1:25 p.m. (1225 GMT, 8:25 a.m. EDT)
Germanwings has had to cancel a few flights since the crash because some crews declared themselves unfit to fly after losing colleagues.
A flight from Duesseldorf to Barcelona on Wednesday was scratched, along with some from Duesseldorf and Stuttgart on Tuesday.
Chief executive Thomas Winkelmann said some cockpit and cabin crews "didn't want to fly today or yesterday for emotional reasons."
He added that "the management completely understands this because we are a small family — everyone knows everybody inside Germanwings so it is a big shock for employees."
1:15 p.m. (1215 GMT, 8:15 a.m. EDT)
Three generations of one family — a schoolgirl, her mother and grandmother — were on the Germanwings plane that crashed, according to a town outside Barcelona.
A statement from Sant Cugat del Valles town hall didn't provide their names.
The girl was a student of a middle school for children aged 10 to 11 at Santa Isabel school in Sant Cugat.
"The students are very affected. The teachers are trying to help them any way they can," said a woman who answered the phone at the school. She refused to give her name or comment further.
—By Associated Press writer Jorge Sainz in Madrid.
1 p.m. (1200 GMT, 8 a.m. EDT)
France's aviation investigation bureau has released photos of the badly mangled voice data recorder from the Germanwings flight that crashed into an Alpine mountainside.
The images show the metal black box — which is actually a bright orange-red — twisted, dented and scarred by the impact of the crash.
The cockpit voice recorder was recovered on Tuesday, and French officials say they are working to pull its data.
12:50 p.m. (1150 GMT, 7:50 a.m.
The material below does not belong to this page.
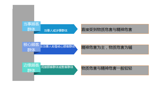 然而,问题产品或服务的受害者未必一人,同一问题投诉可能群体化。顾客受害程度不同,群体特征与危害表现也不同,见图2。因此,社区电商在“解毒”时,要有一个合理的逻辑:先“解毒”当事顾客群体,再“解毒”核心顾客群体,最后“解毒”边缘顾客群体。
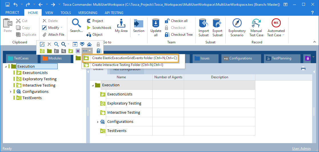 2. Erstellen Sie einen ElasticExecutionGridEvents-Ordner. Klicken Sie dazu mit der rechten Maustaste auf den Ordner Execution und wählen Sie Create ElasticExecutionGridEvents folder aus der Minisymbolleiste. Sie müssen dies nur einmal tun.

EDT)
Germanwings' chief executive says the airline's current information is that 72 Germans, 35 Spanish citizens and two Americans were on board the flight that crashed in southern France.
Thomas Winkelmann told reporters in Cologne on Wednesday that the list isn't yet final because the company is still trying to contact relatives of 27 victims.
There were two victims each from Australia, Argentina, Iran and Venezuela. One victim each came from Britain, the Netherlands, Colombia, Mexico, Japan, Denmark, Belgium and Israel.
Winkelmann says in some cases victims' nationality isn't entirely clear, in part because of dual citizenship.
Spain's government said they had identified 49 Spanish victims, while Britain says it believes there were at least three Britons on board.
12:40 p.m. (1140 GMT, 7:40 a.m. EDT)
Spain's government says it has identified 49 Spanish victims of the Germanwings crash based on information from families and the flight list.
Interior Minister official Francisco Martinez says that the figure was provisional and could change.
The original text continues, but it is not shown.